America’s drug and biotech industries are no doubt alarmed by the national firestorm that erupted when Turing Pharmaceuticals raised the price 55 times of its 62 year old lifesaving drug, daraprim. They must worry that CEO Martin Shkreli’s tone-deaf reactions to the public’s scorn could precipitate close scrutiny of broader drug industry dynamics. The last thing pharma wants is a vigorous, in-depth national discussion of pricing, value, what we can afford and how other advanced countries handle drug spending. All this could kill the golden goose.
Seeking distance from the furor, PhRMA tweeted that “Turing Pharma does not represent the values of PhRMA’s member companies.” Then BIO, the biotech industry’s association, rescinded Turing’s membership and returned its dues, the equivalent of booting Turing out of the country club.

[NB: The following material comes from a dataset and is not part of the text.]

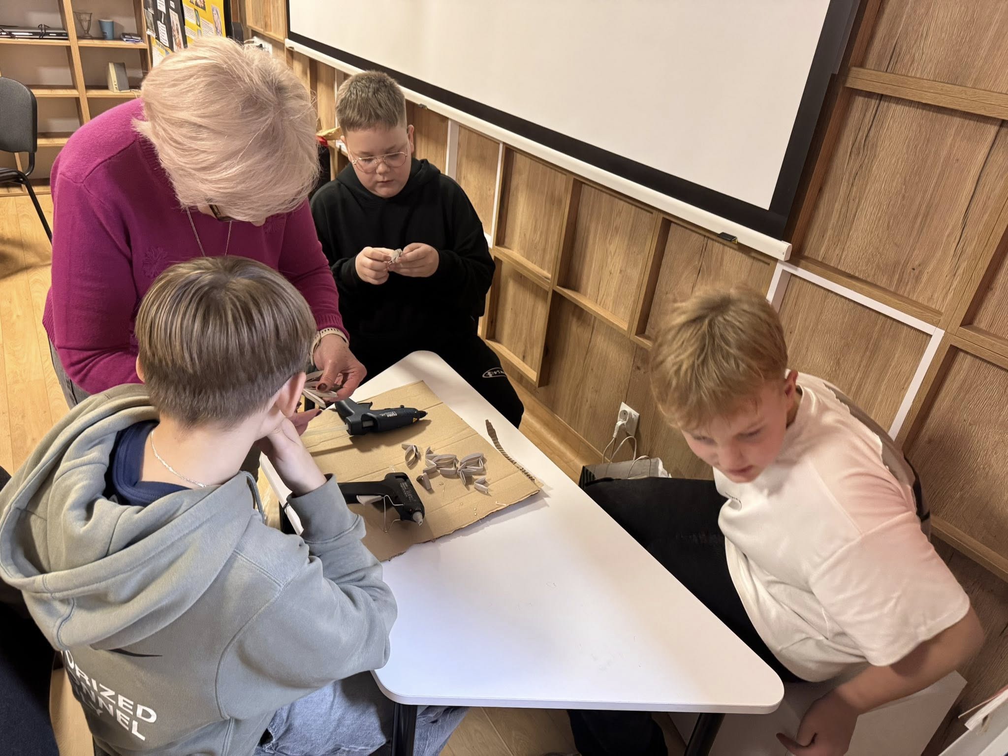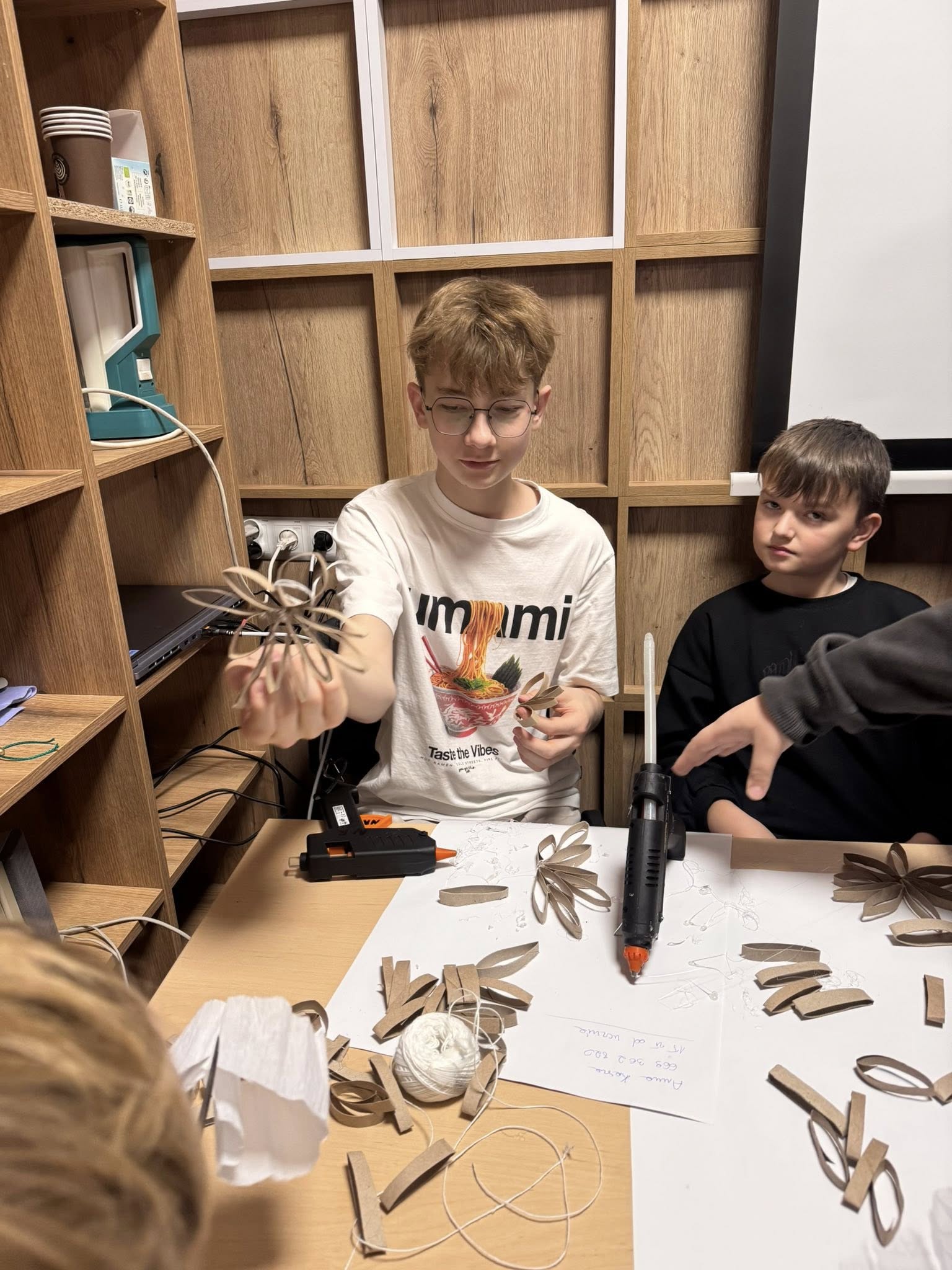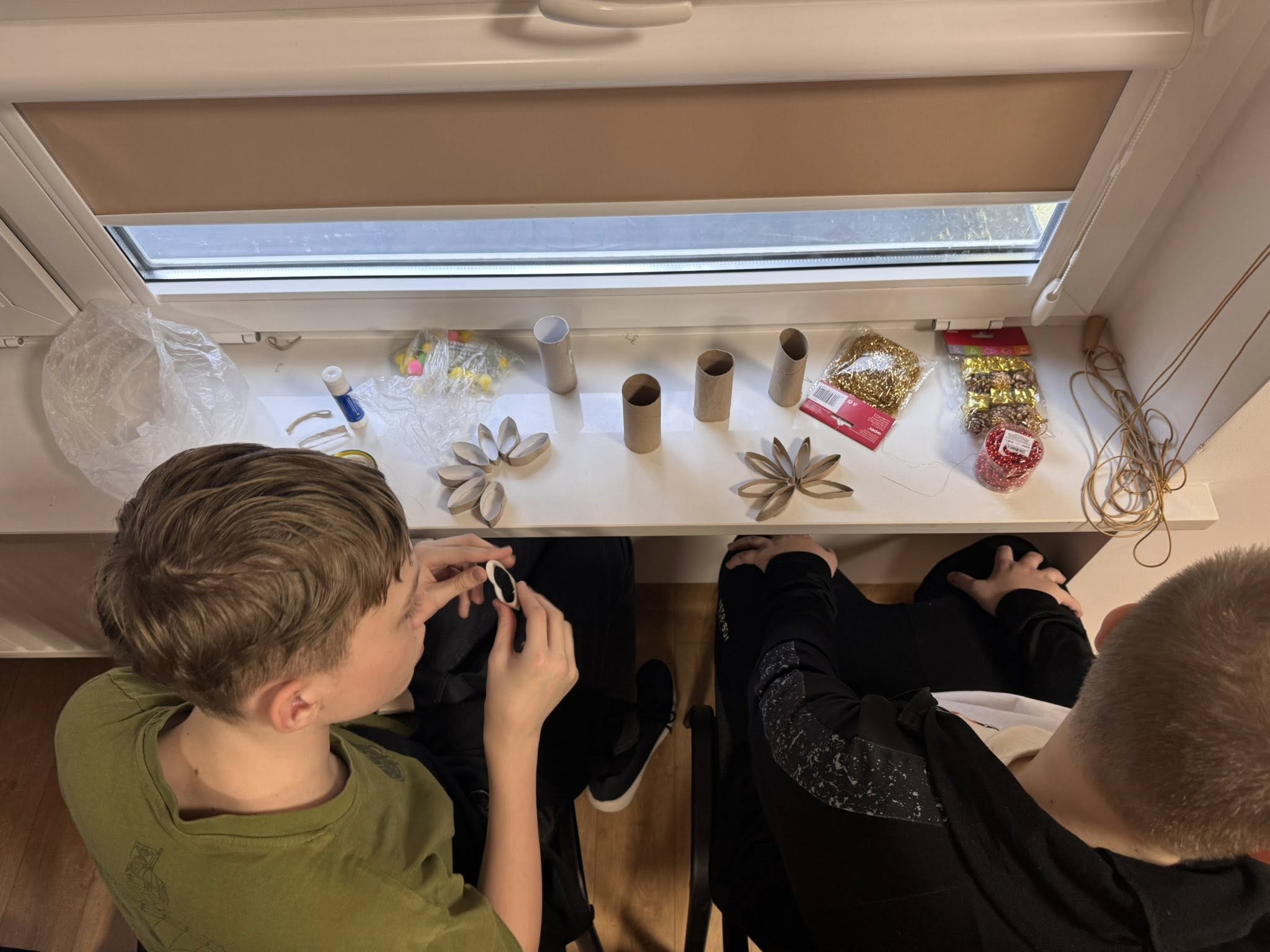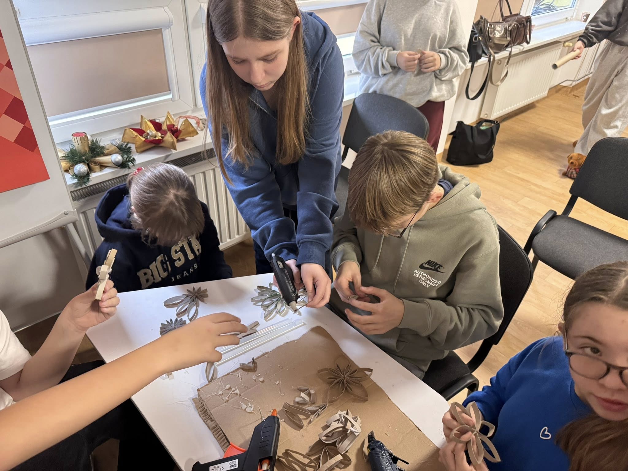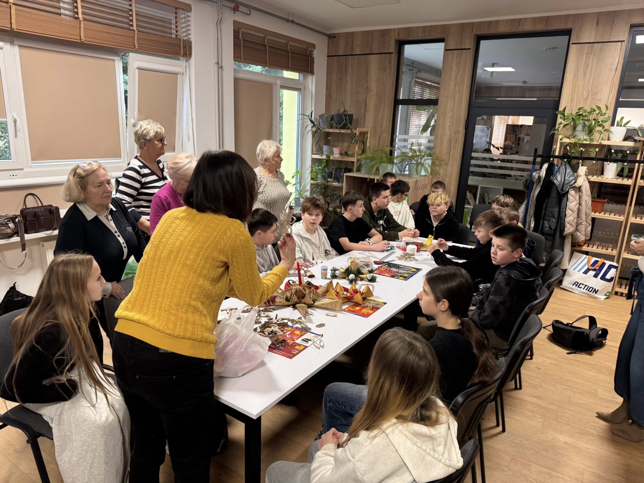 Wczoraj uczniowie klas: 6b i 7b, a dziś 5b i 1a tworzyli przepiękne stroiki i ozdoby świąteczne z surowców wtórnych. Wykorzystywali rolki po ręcznikach papierowych, papierze toaletowym, sznurki, papier i oczywiście różnego rodzaju ozdoby. Nie byłoby to możliwe, gdyby nie pomoc członkiń zaprzyjaźnionej sekcji „Niespokojne ręce” z Uniwersytetu Trzeciego Wieku ze Starachowic z panią Joanną Wójcik na czele. Panie przyjęły zaproszenie naszej wicedyrektor szkoły Agnieszki Pachockiej na wspólne warsztaty tworzenia ekoozdob świątecznych. Podczas tej niezwykłej lekcji ekologii, połączonej z tradycjami bożonarodzeniowymi panowała niezwykle miła i twórcza atmosfera. Uczniowie chętnie uczestniczyli w zajęciach, które tym razem nie były prowadzone przez nauczyciela naszej szkoły, ale przez niezwykle utalentowane słuchaczki UTW.

You can hardly blame them. In the US, pharma has engineered a great sweetheart deal. Once a drug is FDA-approved, the law dictates that Medicare must pay whatever a manufacturer demands, without negotiating, and that pricing sets a reference for the rest of American drug prices. Peter Bach, MD, who leads Memorial Sloan Kettering’s Center for Health Policy and Outcomes, summed up our dilemma earlier this year:
[Drug] companies are taking advantage of a mix of laws that force insurers to include essentially all expensive drugs in their policies, and a philosophy that demands that every new health care product be available to everyone, no matter how little it helps or how much it costs. Anything else and we’re talking death panels.Continue reading…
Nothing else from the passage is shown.